=== Assigned task ===
Each line from the top of the listing down to and including the line with "Le Collectif le" must be duplicated exactly; pictures are to be skipped.

== Data to examine ==

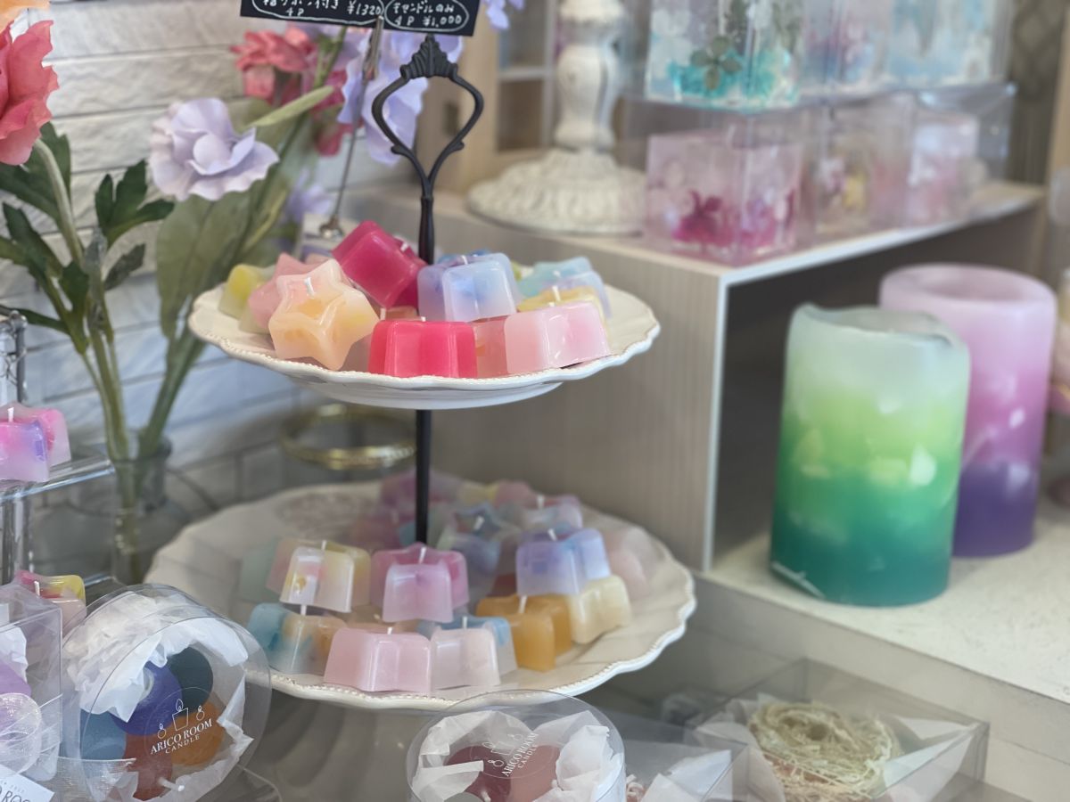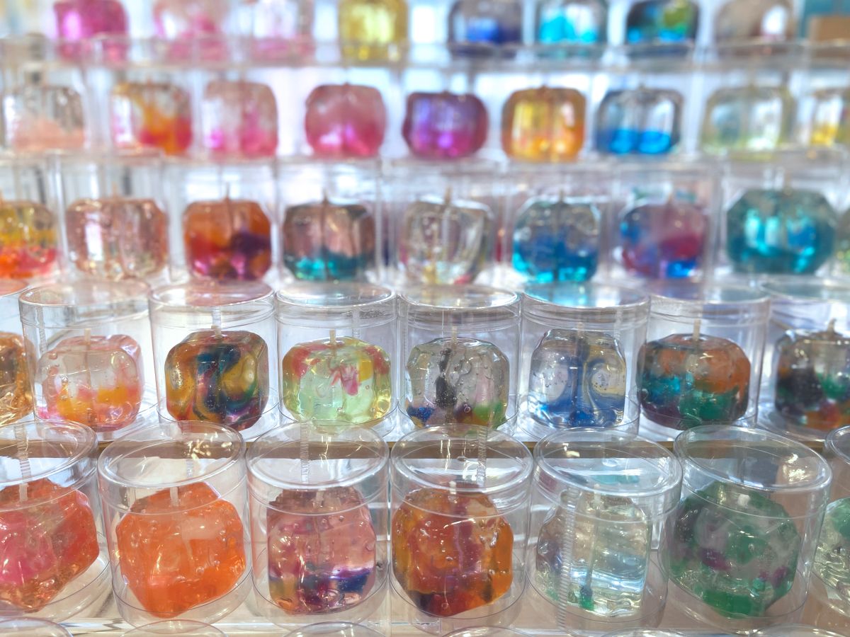 店内に一歩踏み入れると、カラフルなキャンドルがずらりと並ぶかわいらしい空間が迎えてくれます。
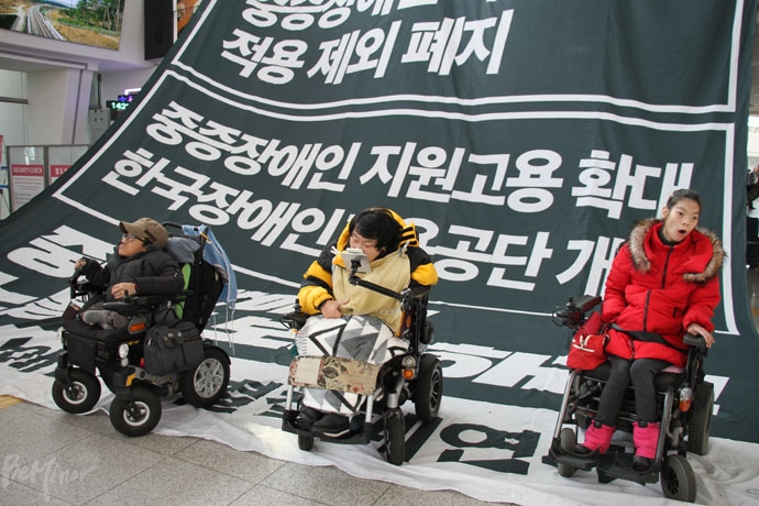 이들은 중증장애인 노동권 보장을 촉구하며 85일간 점거했던 한국장애인고용공단 서울지사 농성을 ‘중단’한 13일 오전, 85일간의 농성 짐을 그대로 싸들고 서울역에 왔다.
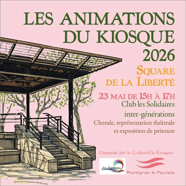 Le Collectif le Kiosque vous donne rendez-vous pour sa deuxième édition des Animations du Kiosque, un après-midi festif et convivial au cœur de Frontignan la Peyrade. Ce collectif, né de la réunion de cinq associations locales — Club loisirs La Peyrade, Solidaires inter-générations, Club 40, Angie & co et Temps Jadis — a pour vocation de valoriser la culture associative locale à travers des animations ouvertes à tous, chaque mois.
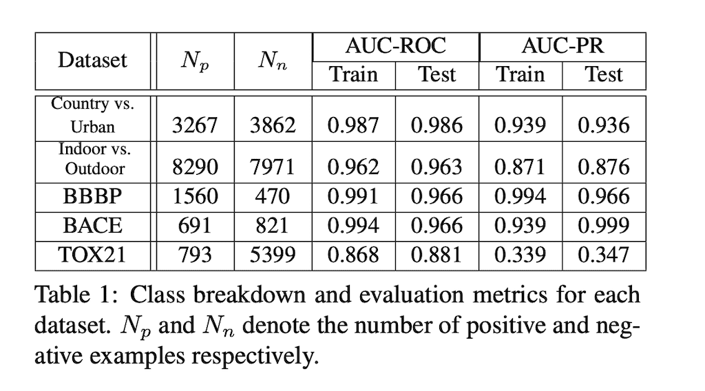 molecule Graph에 대한 explainability를 위해서는 BBBP, BACE 그리고 TOX21의 NR, ER데이터를 사용하였습니다. 각 데이터셋에는 실험에 의해 결정된 작은 organic molecule의 binary 클래시 피케이션이 포함되어 있습니다. BBBP 데이터는 분자가 인간의 혈액 뇌 장벽에 침투한 지 여부에 대한 측정이 포함되어 있으며 BACE 데이터셋에서는 human인자인 베타, 세크라 테스를 억제하는지 여부에 대한 측정값, TOX21에서는 여러 독성 표적에 대한 분자 측정값이 포함되어 있습니다. 앞선 데이터와 다르게 molecule Graph의 데이터는 불균형적입니다.
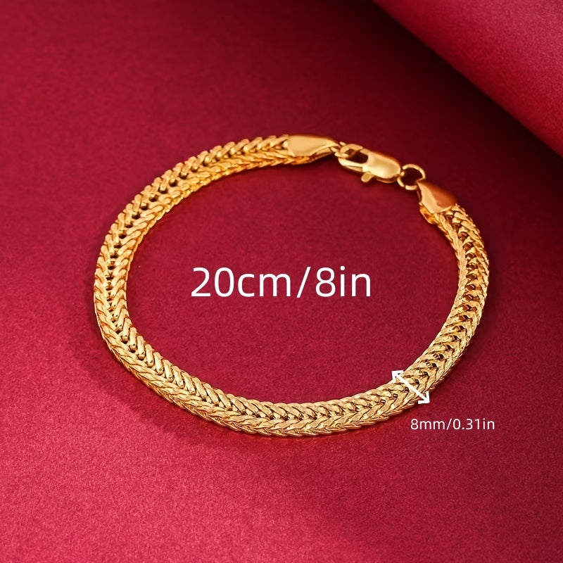 This men's golden tone braided metal bracelet is a versatile accessory that can be worn for both casual and formal occasions. It features a lobster claw clasp for easy wear and measures 8 inches in length.

===

=== Solution for this task ===
 店内に一歩踏み入れると、カラフルなキャンドルがずらりと並ぶかわいらしい空間が迎えてくれます。
 이들은 중증장애인 노동권 보장을 촉구하며 85일간 점거했던 한국장애인고용공단 서울지사 농성을 ‘중단’한 13일 오전, 85일간의 농성 짐을 그대로 싸들고 서울역에 왔다.
 Le Collectif le Kiosque vous donne rendez-vous pour sa deuxième édition des Animations du Kiosque, un après-midi festif et convivial au cœur de Frontignan la Peyrade. Ce collectif, né de la réunion de cinq associations locales — Club loisirs La Peyrade, Solidaires inter-générations, Club 40, Angie & co et Temps Jadis — a pour vocation de valoriser la culture associative locale à travers des animations ouvertes à tous, chaque mois.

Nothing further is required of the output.